After almost three years of failure, Connie Francis finally had a hit in the spring of 1958 with a rock ballad version of the standard “Who’s Sorry Now?” Unfortunately, her next pair of singles were less successful. I’m Sorry I Made You Cry only reached #36 on the Billboard Hot 100 and Heartaches failed to chart at all. Francis recalls: “I knew I had to come up with a hit on the third record. It was crucial. I listened to every publisher’s song in New York, but nothing was hitting me.” Eventually Don Kirshner of Aldon Music had Greenfield and Sedaka, who were staff writers for Aldon, visited Francis at her home to pitch their songs, but she and close friend Bobby Darin argued that the slow, dense ballads they were offering didn’t appeal to the teenager market. Francis asked if they had something faster and more bouncy, so Greenfield asked Sedaka to play “Stupid Cupid”, an uptempo number intended for the Shepherd Sisters. Sedaka objected that Francis, a “classy lady”, would be insulted to be pitched such a puerile song; but Greenfield dismissed Sedaka’s objection, saying, “What have we got to lose, she hates everything we wrote, doesn’t she? Play it already!” After hearing only a few lines Francis recalls: “I started jumping up and down and I said, ‘That’s it! You guys got my next record!'”
Francis cut “Stupid Cupid” on 18 June 1958 at Metropolitan Studio (NYC); LeRoy Holmes conducted the orchestra while Morty Kraft produced the session. Noteworthy in the recording is the uncredited bass guitar work; a complex and energetic riff that has survived the decades and has proven to be one of early rock and roll’s best recorded bass guitar sessions. A version of “Carolina Moon” recorded at Metropolitan Studio that 9 June with Kraft producing and Joe Lipman conducting was utilized as the B-side. “Stupid Cupid” provided a reasonably strong comeback vehicle for Francis reaching the Top 15 that August with a Billboard Hot 100 peak of #14. Francis would have to wait until 1959 to make her return to the Top 10 with “My Happiness”.
In the UK Singles Chart Francis had made more chart impact than in the US with both “Who’s Sorry Now?” (No. 1) and “I’m Sorry I Made You Cry” (No. 11).
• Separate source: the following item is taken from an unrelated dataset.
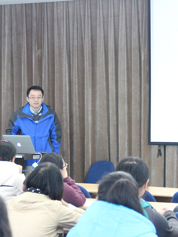 下午2时15分沙龙开始。首先,主持人介绍了陈伟老师在国内国外的求学经历以及在生命科学邻域的研究方向和成果。接着陈伟老师结合PPT展示开始演讲。陈伟老师的演讲分为三个部分:“DON’T SETTIE,KEEP LOOKING ” “ FOLLOW YOUR HEART ” “APPRECIATION &LOVE”。陈老师介绍了在自己在国外如何结识朋友,如何申请到美国大学的生命医学专业,如何从电气专业走上研究生命科学的道路,并且简单介绍了美国大学科研中的生命科学与物理学的交叉的情况。陈老师讲述了自己从接触基本的生命科学基础开始,在国外的11年的时间里,面临抉择时的困惑,对出路的迷茫,对科研的热爱,以及坚持后的收获。鼓励同学们做自己真正喜欢的事情,基于自己的爱好往下走,从而心甘情愿的为之奋斗。陈伟老师还通过三次的生命科学革命,阐明了如果将生命科学与工程物理、化学、经济整合在一起,对整个人类社会的积极意义。

This trend continued with “Stupid Cupid” which, as a double sided hit with “Carolina Moon”, spent six weeks at No. 1. Francis would remain a potent UK chart force for the next four years with fifteen Top Twenty singles, eight of them Top Ten, but she would never again reach the top of the UK Singles Chart despite topping the US charts three times in the early 1960s.
Neil Sedaka, one of the song’s co-writers, recorded his own version in 1959, and it saw a single release in Italy on the RCA Italiana label.